A comprehensive public health plan could have contained the virus sooner. We would still have some deaths, we would still have school closings and social distancing, but we would have a handle on the problem sooner. The economic consequences stemming from the Trump administration’s incompetence would have been minimal, if any.
Instead, we weren’t ready. We weren’t ready because a medical crisis came at an inconvenient time for Donald Trump. We weren’t ready because Donald Trump let his bigotry take over.
While most of these delays make the case for competency and compassion in the White House, universal healthcare would make testing available to anyone who needs it. And while most of the emphasis is on the cost benefit analysis, that’s only part of it. Universal healthcare assumes that healthcare is a right, not merely a privilege for people who can afford it.

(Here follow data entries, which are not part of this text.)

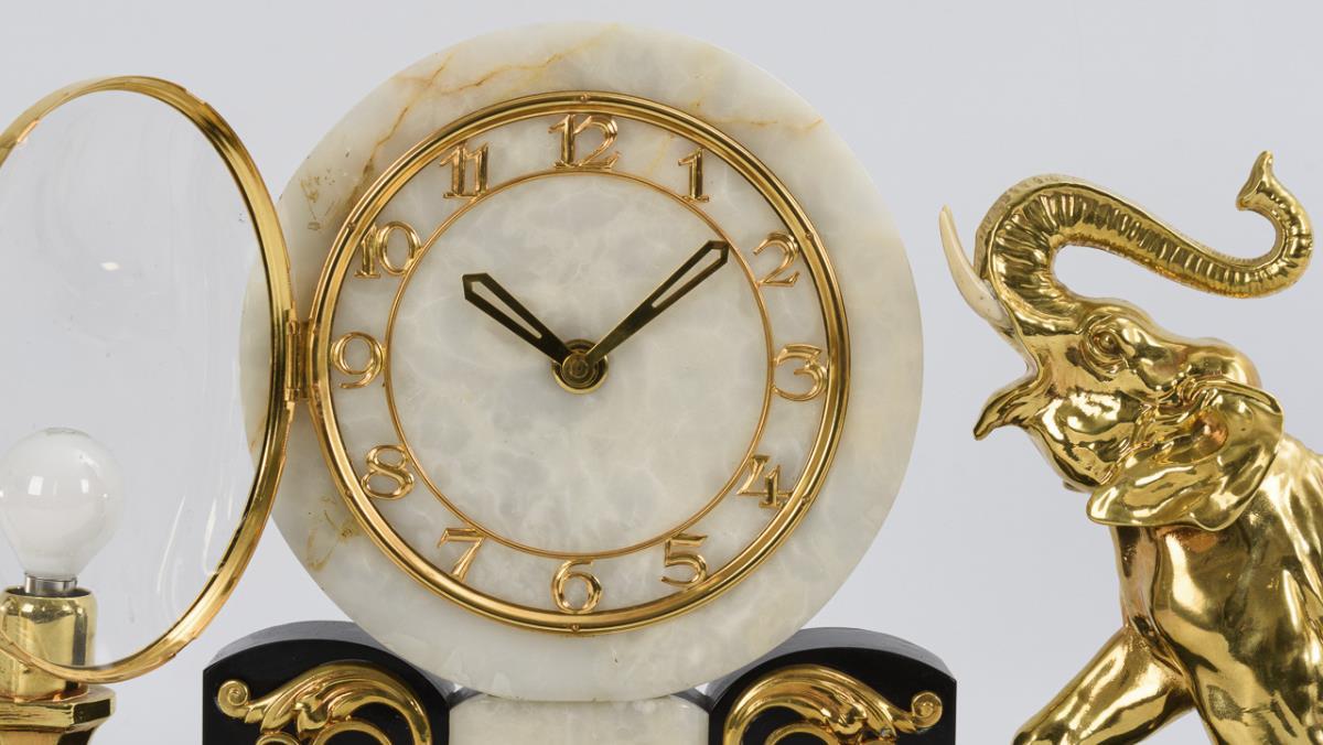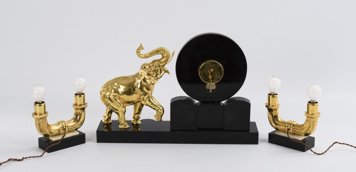 Flat base in Art Deco style with curved projections, large glazed dial with Arabic numerals and modern hands and plastic elephant. Comes with a pair of matching electrified, 2-flame side plates with screw thread, function tested, without shades. Use old and new parts, cable in need of renewal.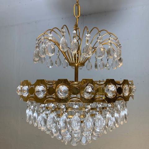 8 armet lysekrone i patineret messing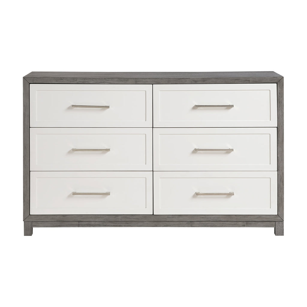 Add a touch of modern sophistication and ample storage to your bedroom with this two-tone 6-drawer dresser, featuring a unique ivory and gray finish crafted from okume veneer, wood, and engineered wood. This dresser boasts six dovetail drawers with smooth ball-bearing glides, providing ample space for your clothing and belongings. Polished nickel-tone bar pulls add a touch of contemporary elegance, while the sturdy construction ensures durability. Perfect for any bedroom, this dresser combines style and functionality. Assembly is required.

Built into that assumption is the realization that in cases of contagious diseases, protecting all people’s health would benefit all of us. We are seeing this in economics while daily life shuts down around the world. Just look at the list of industries likely to be affected. And layoffs start at the bottom, where people can afford it the least, and are unlikely to have paid leave and decent healthcare. That means consumer spending goes down and so on and so on.
Other industrialized countries recognized the nexus between healthcare security and productivity. It’s why even conservative political parties in those countries are on board with a single-payer healthcare system.
We have a chance to see how it could work in America, thanks to Congresswoman Katie Porter’s follow up to a letter she and Congresswoman Ayanna Pressley wrote to CDC Director Dr. Robert Redfield in advance of the hearing.
They outlined the commitments already made during congressional testimony to assure that testing would be available to all.
“In the midst of global pandemic, fear of surprise medical bills and financial ruin will only lead to more devastation and harm to the global community.”
The letter was co-signed by several members of Congress: Rosa DeLauro, Lauren Underwood, Joseph P. Kennedy III, and Pramila Jayapal.
These members of Congress saw a chance to test universal healthcare, and it’s because Trump messed up every step of the way. Our jaws may drop at the cost, not to mention the costs for sick pay, food security and other programs needed to contain the virus and eventually bring it to an end. The fact is we either pay this now or much more later.
We can use this time to see if there are policy steps we can leave in place for future emergency situations like this one. A universal healthcare system, one with solid crisis planning, isn’t just about people getting free stuff. Rich and poor alike will benefit. At the very least, people who already have jobs with sick leave or telecommuting won’t be at risk from encountering someone who couldn’t afford to be tested or take steps to avoid spreading the virus. This is about everyone being safer.